I have software going back to the 1980s. Most of it mid-1990s and newer. Binders full of software CD's and sharpie marker on the binder where the CD is with the key that was on the jewel case. Tossed out about 1000 jewel cases to save space. Years ago I got rid of my floppy disks around 1999 when i got a CD Burner and was able to fit 2 trash bags full of 360k 720k and 1.2MB floppy disks onto a single 650MB CD-R. I very rarely ever access that CD and made a newer copy of it since Disc media ages. but its nice to have all those shareware games and other software and DOS Freeware all taking up the space of a single CD-R.

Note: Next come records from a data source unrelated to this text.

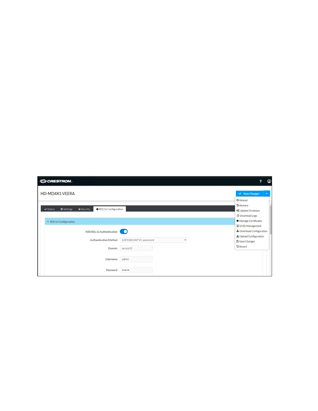 Crestron HD-MD4X1-4KZ-E - Actions Menu
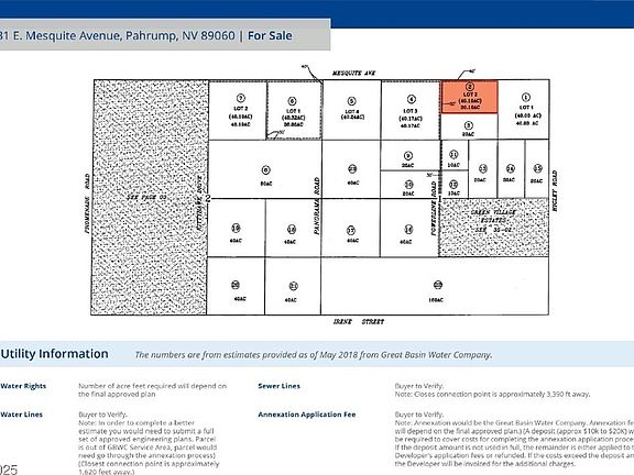 +/-20.10 industrially zoned vacant land. Property is located in North East Pahrump and South East corner of Mesquite Avenue and Powerline Road. The roads have been paved. +/- 21,000 cars per day at Highway 160, 200' W of SR 372 +/- 3,000 cars per day at highway 160, 0.1 mile of SR 372.
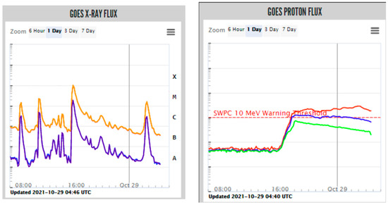 The relevant Alert of >100 MeV protons and flux >1 pfu from GOES was issued in real time by NOAA on 28 October 2021 at 16:51 UT. The increase in the GOES proton flux (Figure 9) triggered an S1-category solar radiation storm, according to NOAA scales. The GLE Alert++ signal by NKUA/A.Ne.Mo.S. was issued 45 min earlier than the one issued by GOES.
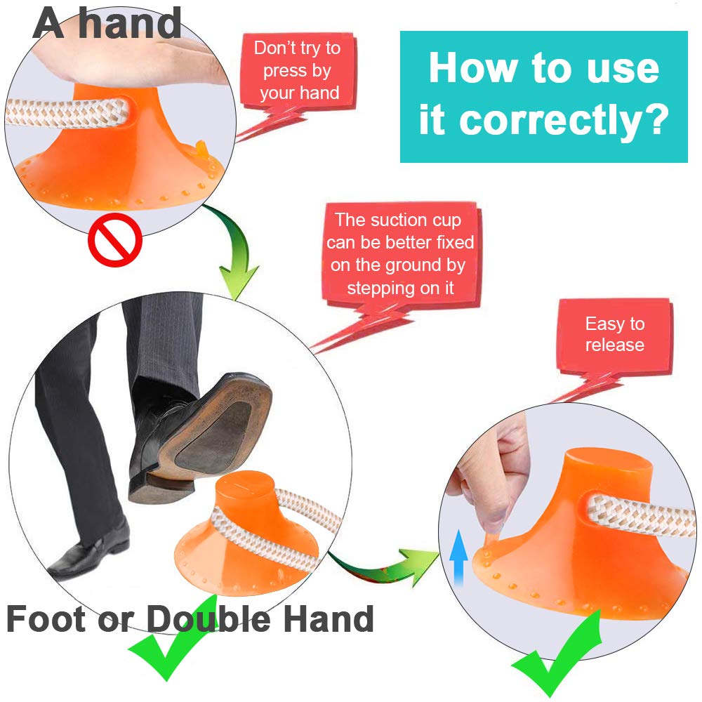 Veuillez appuyer sur la ventouse avec votre pied. Ce jouet dans chien ne convient pas aux chiens trop grands. Un chien coquin mordra la corde. Si la corde du jouet dans chien est mordue par le chien, vous pouvez reconnecter le jouet à mâcher avec une nouvelle corde.
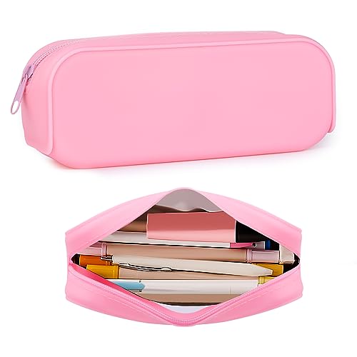 HORJOR Silikon pennfodral med stor kapacitet skolväska flicka tonåring pastell skolväska brevpapper organisatör för dam och herr, pink, 22 * 5 * 2cm, Mode

I have a large and heavy HP XW9400 Server that I need to get rid of, but havent done that yet. It has 16GB of ECC RAM but it is a dual- dual-core ( 4 cores with 2 x dual cores ) with two AMD Opteron CPU's, and processing power wise its just too weak to be used for any needs I have. It has two FX-4600 Quadro It draws 365 watts of power when running. The fans in it are noisy and I was going to sell it but some of the capacitors are swollen on the large server motherboard. It runs correctly, but the capacitors are part of that capacitor plague that broke out some time ago due to the stolen electrolyte recipe that was sabotaged. That server is in my attic and its been eyed a few times as it really should go, but I'd rather have it go to someone who could use it vs a landfill. The nVidia FX4600 Quadro cards I was hoping would be good for video games, but they draw lots of power and are not designed for games. I even checked to see if BOINC would support the FX4600 cards for GPU number crunching processing since the cards were designed for CAD and Engineering Simulation/Design use I figured maybe they would be weak for games but shine when it comes to processing power for number crunching for BOINC Asteroids project that I donate computer processing to. But these cards are not supported for GPU processing. I see high price tags on these Quadro cards but they just dont sell often. I might hold onto the video cards as a maybe some day there will be a collector demand for them since they dont take up much space.
If I was looking to get rid of computers and computer hardware for free, I'd probably use Craigslist or FreeCycle.
I have used freecycle to get stuff for free like a good working treadmill, mountain bike for my wife, and a good working Sony 27" Color TV CRT type for play with my old NES where the gun controller requires a CRT to work properly.